Orchids at Eastwood Park, Glasgow, the residence of David Tod, Esq.—This collection of Orchids is doing well, especially the cool kinds, and the Cattleyas which latter are special favourites with Mr. Tod, since they do not require so much heat as some others. There are here many hundreds of Odontoglots, and we noticed some fine forms in bloom, especially in the large house, in which was a grand display of Odontoglossum Alexandræ, many of the plants with well furnished spikes. Of O. Pescatorei there are also some fine examples with vigorous branching panicles, and other wonderfully fine specimens, having massive pseudobulbs, which had produced noble spikes of blooms. Mr. Ewart, the gardener, takes great interest in the plants, which have much improved during the last two years.
There are two other houses filled with Odontoglots and Masdevallias. Here many of the Odontoglots are smaller, but they are doing well. We noticed two very fine specimens of Odontoglossum Andersonianum showing well for bloom, and these, Mr. Tod informed us, are very fine varieties. By their side stood the rare O. Ruckerii, just coming into flower. The collection also includes many other rare Odontoglots. In another house, half-span roofed, there is a numerous collection of miscellaneous Orchids, including some fine specimens of Phalænopsis Schilleriana and others. There are also good plants of Cattleyas of most of the leading kinds, as well as Lælias and Dendrobiums; and fine specimens of Cypripedium caudatum on the front stage are doing well, and had produced many flower spikes. In this house Odontoglossum Roezlii grows very freely, and is in a clean and healthy condition, the plants seeming to get the treatment they like. Mr. Tod parted with his fine specimens of this species last year, but the pieces that are left are making good plants.
Adjoining this house is a most splendid Fernery, beautifully laid out, and planted with the best Ferns, Palms, Begonias, &c., which are in vigorous health.—B. S. W.

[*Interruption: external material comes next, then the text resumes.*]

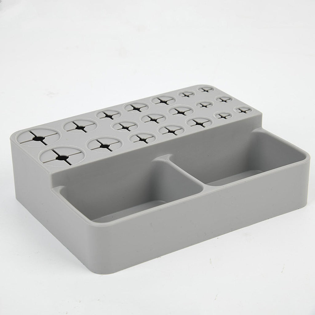 Makeup Storage Box: Makeup brush holder with 21 compartments(2 big, 19 small), this makeup brush holder is compact yet spacious enough to hold various types of brushes including eyeshadow brushes, eyebrow pencil brushes and more

PL. 117. LÆLIA HARPOPHYLLA.
LÆLIA HARPOPHYLLA.
[[Plate 117].]
Native of Brazil.
Epiphytal. Stems slender, terete, six inches to a foot high, invested with sheathing bracts, monophyllous. Leaves ligulate, acuminate, about an inch in breadth, dark green. Peduncle issuing from a longish terete sheath, and having raceme about six inches long. Flowers four to seven in a raceme, rather small in size, but highly coloured, and very attractive; sepals lanceolate, acute, one and three-quarter inch in length, and of a bright orange-vermilion; petals similar in size, form, and colour; lip three-lobed, the side lobes erect plane, of the some orange colour as the sepals, with the acute upper front angle whitish and somewhat drawn out, the margins just meeting over the column, the middle lobe creamy white, the disk marked with four orange-coloured lines, about twice as long as the side lobes, linear acuminate, recurved, with a crispy margin; keels nearly obsolete.
Lælia harpophylla, Reichenbach fil., in Gardeners’ Chronicle, 1873, 542; Floral Magazine, N.S., t. 372; Garden, xxiii., 116, t. 400.
This, observes Professor Reichenbach, is one of those curious plants which “are not decided species, and yet they must be named and registered. It would be Lælia cinnabarina, if it had not a stem as thin as that of a showy Pleurothallis, a single acuminate leaf, and much narrower and straighter parts of the flower.” * * * “Perhaps it is a mule between a Brassavola and Lælia cinnabarina?” Whatever its origin and direct relationship, there is no doubt that it is one of the most distinct and beautiful of Orchids, as it affords a colour that is not only rare, but exceedingly effective. The flowers may be considered small as compared with the majority of the species of Lælia, which, indeed, are generally large-flowered, and rank among the most gorgeous and showy of Orchids, but even in this species they measure fully three inches across. It is a singular fact, that most of the orchidaceous species with orange-vermilion flowers have blossoms smaller than those of other colours. We have often noticed this fact amongst the Orchids that we have met with, and, indeed, it my be observed through nearly all the genera, that there are no large-sized flowers of this orange or vermilion colour. We are, however, hopeful that our energetic collectors may succeed in importing some having this character. It is true the Sophronites grandiflora bears highly coloured vermilion-scarlet flowers which may be considered large in proportion to the size of the plant, and a most charming Orchid it is, but we should, nevertheless, welcome some examples, at least, of these brilliant and startling colours among those larger-growing subjects which produce larger flowers.